The "Numbers" or "Tally" Table: What it is and how it replaces a loop.

  • Sure,

    I'd like the output to be like this.

    Name | Oct 2010 | Nov 2010 | Dec 2010 | 2010 Total | Jan 2011 | Feb 2011 | Mar 2011 | ... | 2011 Total |

  • Tim-24860 (3/28/2011)


    Sure,

    I'd like the output to be like this.

    Name | Oct 2010 | Nov 2010 | Dec 2010 | 2010 Total | Jan 2011 | Feb 2011 | Mar 2011 | ... | 2011 Total |

    Perfect. I've got just the article for that...

    http://qa.sqlservercentral.com/articles/Crosstab/65048/

    For further understanding, especially when it comes to performance on the subject of Cross Tabs by using "pre-aggregation" as Peter Larsson calls it, see part one of that series...

    http://qa.sqlservercentral.com/articles/T-SQL/63681/

    --Jeff Moden


    RBAR is pronounced "ree-bar" and is a "Modenism" for Row-By-Agonizing-Row.
    First step towards the paradigm shift of writing Set Based code:
    ________Stop thinking about what you want to do to a ROW... think, instead, of what you want to do to a COLUMN.
    "Change is inevitable... change for the better is not".

    Helpful Links:
    How to post code problems
    How to Post Performance Problems
    Create a Tally Function (fnTally)
    Intro to Tally Tables and Functions

  • Great article Jeff!

    One situation I would like to see if it can be solved, is I wrote a script that will search my database char columns for 'funny' characters. Of course it does this rbar and takes a good 20 minutes to run (but does save me some head aches because our source system does NOT have anything in place to prevent these characters).
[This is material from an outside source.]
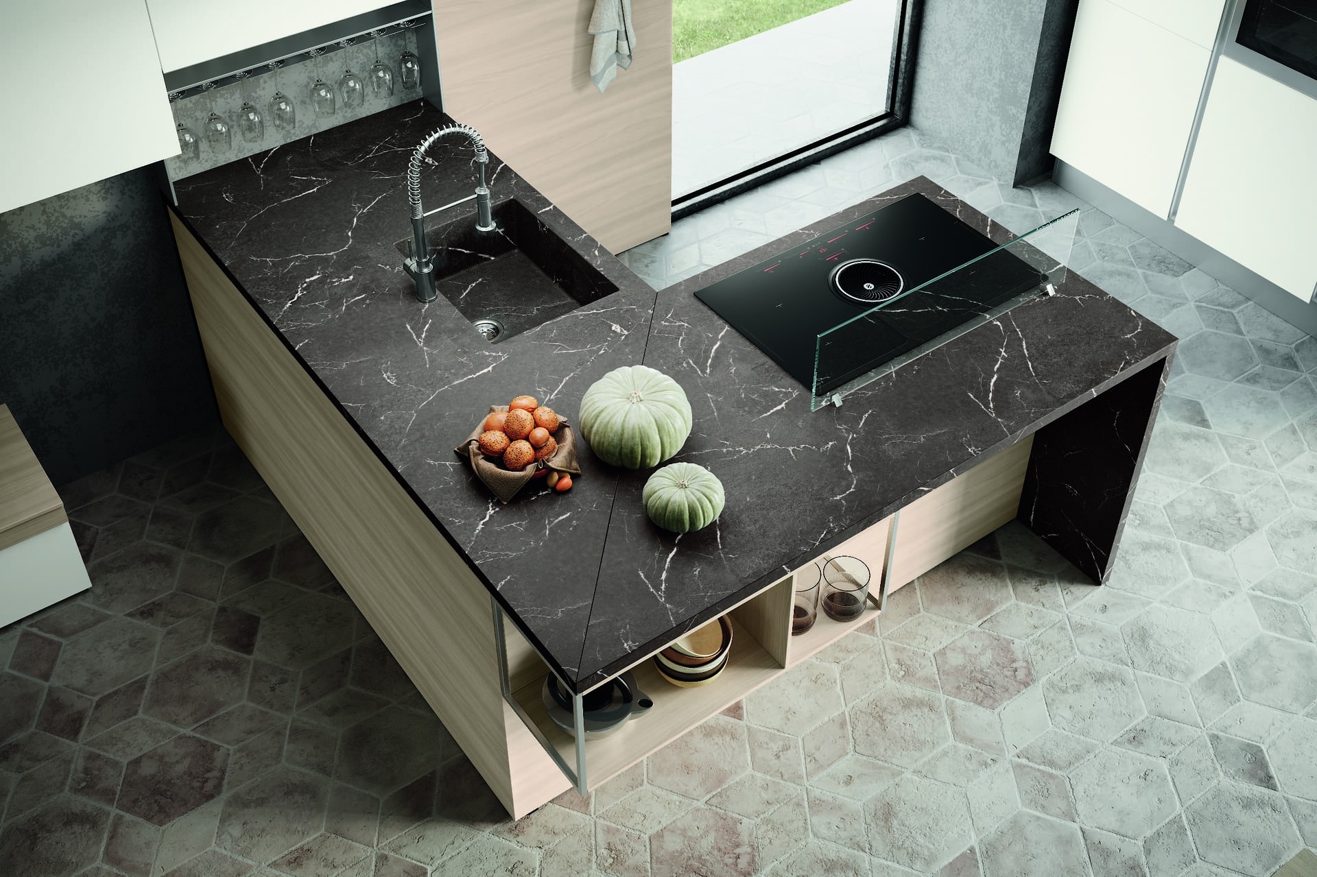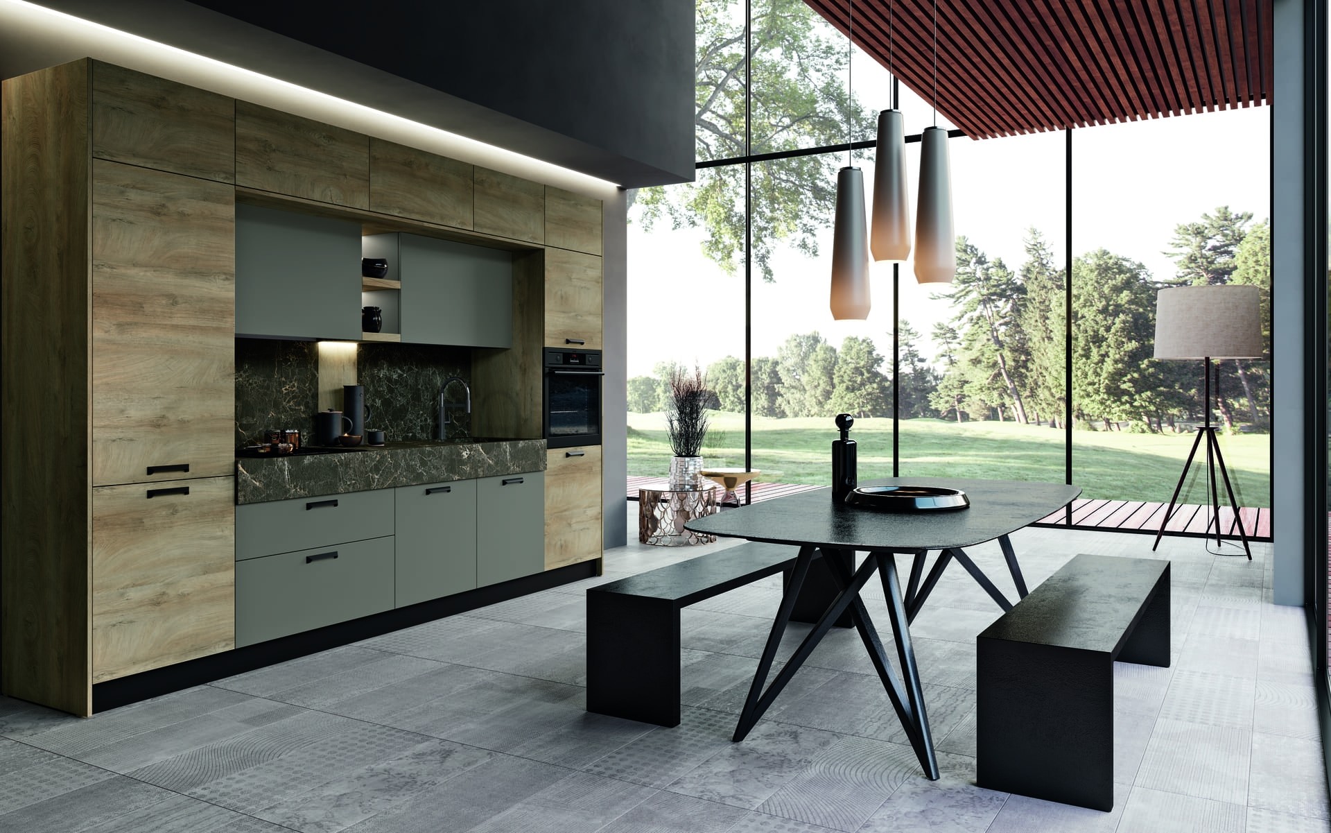 Pri sestavljanju vaše sanjske kuhinje lahko izbirate med širokim naborom barv. Fronte so lahko v različnih efektih in barvah: mat ali visok sijaj, les ali enobarvna, strukturirana... Korpus omaric pa je lahko iz dveh barv: bele ali sive. Cokli so lahko različne višine: 10, 12 ali 15cm. Pulte lahko naročite v različnih barvah.

    I wanted to try and use this tally table method to see if I can improve performance but I have run into a problem. My loop iteratively builds the character field so for instance

    'test data' in the test varchar(100) column would be searched one character at a time and the output would be compared to the orginal (I have a lot of other code in between that makes this useful but the loop is the crux of the performance).

    Anyways when I use the tally method this spits the result out as rows instead of a singular column like I have in my loop so it would appear

    test

    1 t

    2 e

    3 s

    4 t

    5

    6 d

    7 a

    8 t

    9 a

    Is there a way using the tally method to roll this back up, or return it as just 'test data' from this point?

    Link to my blog http://notyelf.com/

  • Thanks for the feedback, Shannon.

    When you say...

    One situation I would like to see if it can be solved, is I wrote a script that will search my database char columns for 'funny' characters.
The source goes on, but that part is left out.